Based on CT scans of the cervical spine performed in whites with cervical myelopathy, Epstein16 has proposed a new entity, OPLL in evolution. She noted relatively frequent hypertrophy of the PLL with punctuate calcifications in the ligament substance. Kondo et al.17 support the hypothesis that hypertrophy of the PLL is a prodrom condition to OPLL. This may compress the spinal cord or nerve roots. Motegi et al.18 reported that hypertrophy of the PLL is often considered an early stage of OPLL because of the apparent clinic-pathological similarities.

The disorder is often asymptomatic16. It is known that the presence of prominent OPLL does not always indicate the presence of cervical myelopathy19. The clinical symptoms of OPLL appear mostly above 40 years of age. Patients complain of pain in the neck and in the occipital area, and this is followed by paresthesia and weakness in the upper and lower extremities. Paresthesia is a very common symptom and it is found in up to 70% of patients. Patients with OPLL sometimes present with acute cervical cord injury after only minor trauma, such as a fall to the ground19.

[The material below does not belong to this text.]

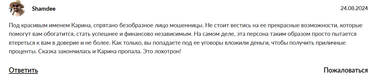 После отправки денег Карине она попросту игнорирует клиента. Бывали случаи, когда мошенница просила отправить дополнительную комиссию, о которой ранее не было оговорено. Перечислил или нет – Карина все равно заблокирует инвестора.

The CT appearance of OPLL, with ossified material corresponding to the levels of the vertebral bodies as well as the discs, helps to distinguish it from spondylosis18. The calcification may be continuous or segmental, the latter making the condition more difficult to diagnose. On T1 and T2-weighted MRI, a continuous low signal band is shown between the vertebral body and theca. Bone marrow is presented as an increased or intermediate signal within the ossification in over 50% of cases19. The ossification is best recognized on T2-weighted sequences because of the contrast with the high signal cerebrospinal fluid. The low signal corresponding to the ossified ligament on MRI is not entirely specific. According to Koyanagi et al.19, MRI is useful to understand the level and mechanism of injury, as well as the true extent in height of the ossified ligament.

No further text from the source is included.